May God help us to have the attitude of eleventh-hour workers even if we have “borne the burden and heat of the day.”  For this is our joy, to bear somewhat the burden and heat of the day, to get to be with the Master and share in His sufferings.  That God would include me, that God would invite me to share in what He is doing, this must always surprise and consume me, because as far as I am concerned, there is no greater love, no greater condescension, no greater miracle.

3 comments:

  1. "That God would include me, that God would invite me to share in what He is doing, this must always surprise and consume me, because as far as I am concerned, there is no greater love, no greater condescension, no greater miracle."

    Amen, Father!

  2. Isn't it somewhat problematic, though, to speak of this as a parable about "generosity", when the day labourers are paid only a denarius? Various scholars have pointed out that a denarius wasn't worth all that much and that it might not have even been enough for a poor man to feed his family for a day, or that the Greek word sometimes translated "generous" is more accurately translated "good", which would point to the fact that the landowner (who isn't really a "master", since he only hires these people for the day) was simply following the Torah in paying each labourer his wages at the end of the day.

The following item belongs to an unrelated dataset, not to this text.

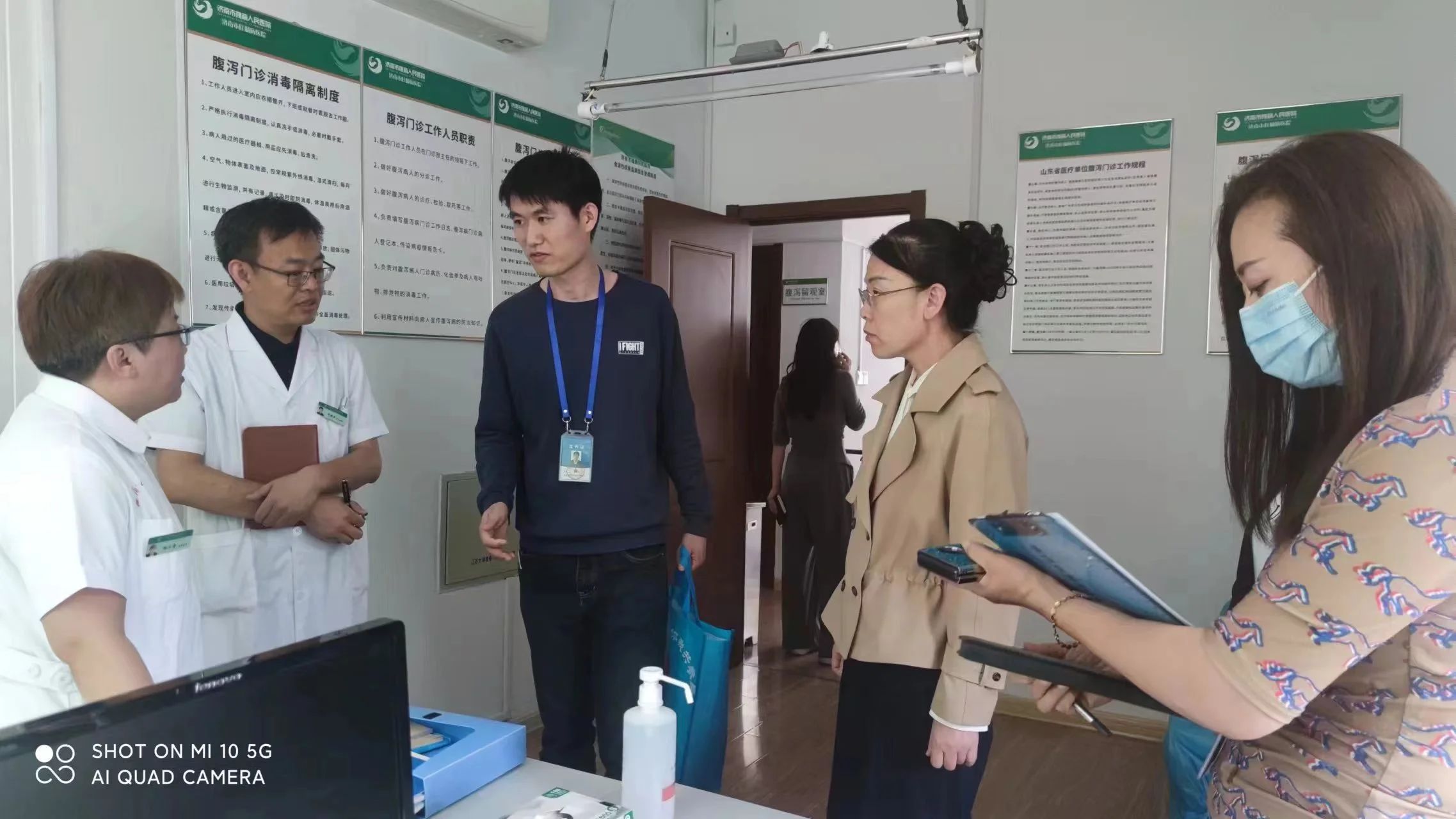 4月28日下午,由槐荫区疾病预防控制中心传染病与地方病防制部副科长李益博带队,到济南市槐荫人民医院针对狂犬病暴露处置工作和腹泻病门诊开诊开展督导检查。医院纪委书记张淼、公共卫生科主任刘海燕、感染性疾病科主任肖振东、护士长谯妍等陪同检查。

Plus, the landowner kind of insults the later day labourers by asking them why they're hanging around doing nothing — this, despite the fact that there is so little work to go around, and despite the fact that the landowner himself declined to hire them on his earlier visits.

    It may indeed be possible to draw lessons from the parable that hinge on the idea that the landowner is a stand-in for God, but to speak of the landowner's "love" and "generosity" goes far beyond the text, I think. Sometimes, as with the story of the "unjust judge", Jesus makes a comparison of some sort between the actions of God and the actions of an unlikeable human figure — and there may indeed be something like that going on here, or in the parable of the talents/minas, etc. But I think we risk losing the point of such parables when we make the human figures likeable.

  3. Dear Peter, perhaps you are right, and I am being a little too Alexandrian in my spiritualizing of the text. But I have to say that the land owner does have a few things going for him. He does pay the last workers a whole day's wage–whether that is unionized wage or not, I do not know. And wether he was generous or merely (?) good seems to me to be the same difference. And whether or not there was enough work to go around seems to me to be a bit of conjecture on your part (which I fully grant, being a chronic conjecturer myself). But If the workers had been hanging out all day (because there wasn't enough work) and not hired by the landowner (knowing they were there), and yet at the end of the day he comes back and hires them, that seems to me to speak pretty highly of the land owner.
    Nonetheless, I take your point that I am evoking interpretive licence here. Good comment.